Content-Type: text/shitpost


Subject: A little algebraic thingy
Path: you​!your-host​!wintermute​!wikipedia​!hardees​!m5​!plovergw​!shitpost​!mjd
Date: 2018-01-23T19:53:46
Newsgroup: rec.pets.math.diophantine-equation
Message-ID: <297a95dc76b6d052@shitpost.plover.com>
Content-Type: text/shitpost

A few days ago I was wondering if there are any (nontrivial) integer solutions of $$a^2 - ab + b^2 = 1\tag{$\spadesuit$}$$

but I couldn't do it in my head. I had the idea it would be pretty easy if I tried on paper, and yes, it was one of those ones where you don't even really have to think, you just push the symbols around.

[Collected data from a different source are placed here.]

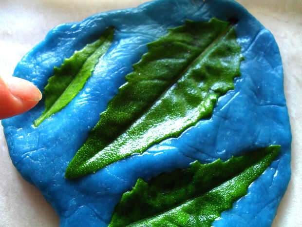 Estirar un pedazo de arcilla que es más grande que el objeto para el casting. Aquí me lió la plastilina sobre papel de hornear y lo piso con un pedazo de plástico.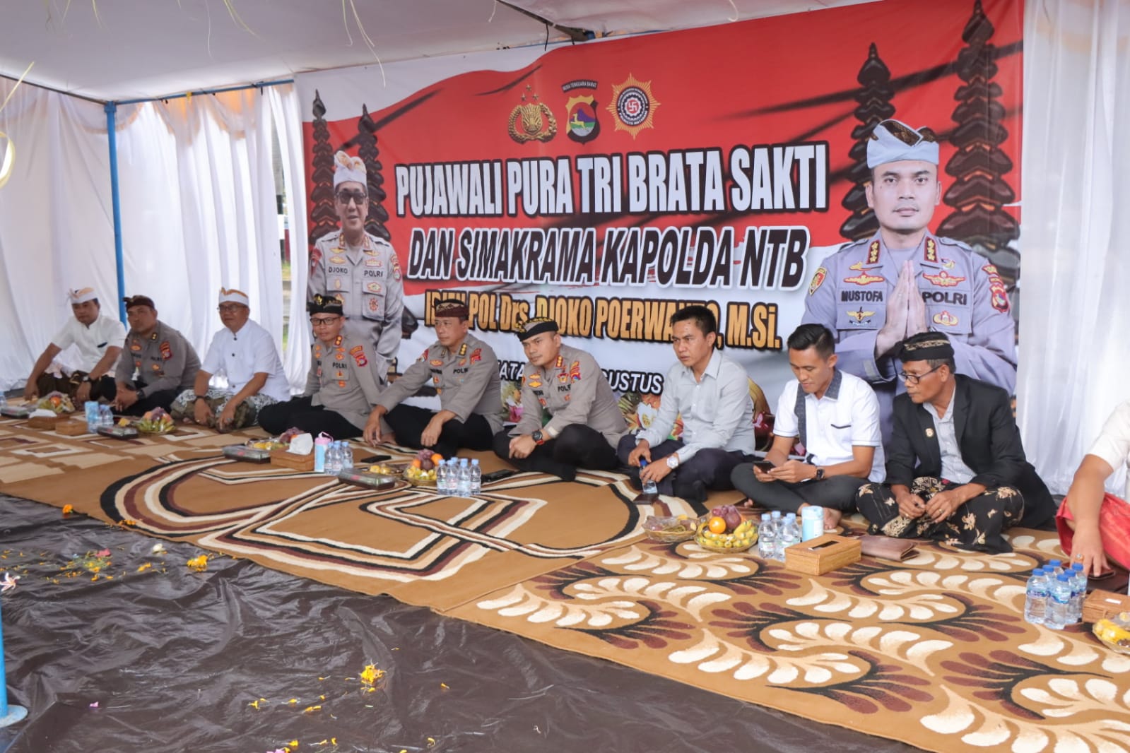 Hukrimntb.com | Mataram NTB – Kapolresta Mataram menghadiri kegiatan Silaturahmi dengan seluruh Keluarga besar Umat Hindu Polresta Mataram Dalam rangka Hari Ulang Tahun (Pujawali) Pure Tri Brata Sakti dan Simakrame Kapolda NTB bersama segenap Ikatan Keluarga Besar Hindu (IKBH) Polresta Mataram yang berlangsung di Pure Tri Brata Sakti Mapolsek Sandubaya, Kota Mataram, (31/08/2023).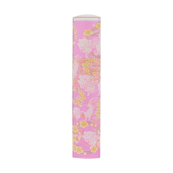 恋するはんこ[個人印鑑]・B和柄・踊りうさぎ-赤・NK-088・印面直径約12mm×長さ約60mm・ケース別売り

From !!(\spadesuit)!!, adding or subtracting !!ab!!, we get both $$\begin{align} a^2 + b^2 & = 1 + ab \\ (a-b)^2 & = 1 - ab \end{align}$$

and since in both cases the left sides are non-negative, we have both !!1+ab\ge 0!! and !!1-ab \ge 0!!, so !!-1\le ab \le 1!!, and we are done.

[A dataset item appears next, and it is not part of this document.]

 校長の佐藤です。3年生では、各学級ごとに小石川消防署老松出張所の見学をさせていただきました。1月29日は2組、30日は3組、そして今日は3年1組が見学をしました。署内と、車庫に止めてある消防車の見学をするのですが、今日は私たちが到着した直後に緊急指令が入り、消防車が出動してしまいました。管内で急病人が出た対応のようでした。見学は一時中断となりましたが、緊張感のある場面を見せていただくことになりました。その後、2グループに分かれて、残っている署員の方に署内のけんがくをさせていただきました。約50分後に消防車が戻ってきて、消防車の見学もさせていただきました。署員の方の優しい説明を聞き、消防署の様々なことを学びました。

I thought about it a little more and decided that perhaps a more elegant way to put it was: Multiplying !!(\spadesuit)!! by 2, we get $$\begin{align} 2a^2 - 2ab + 2b^2 &= 2 \\ a^2 + b^2 + (a-b)^2 &= 2 \\ \end{align}$$

and then since we have three squares that sum to 2, one must be zero and the rest must be 1.

Probably there is a nice geometric proof also.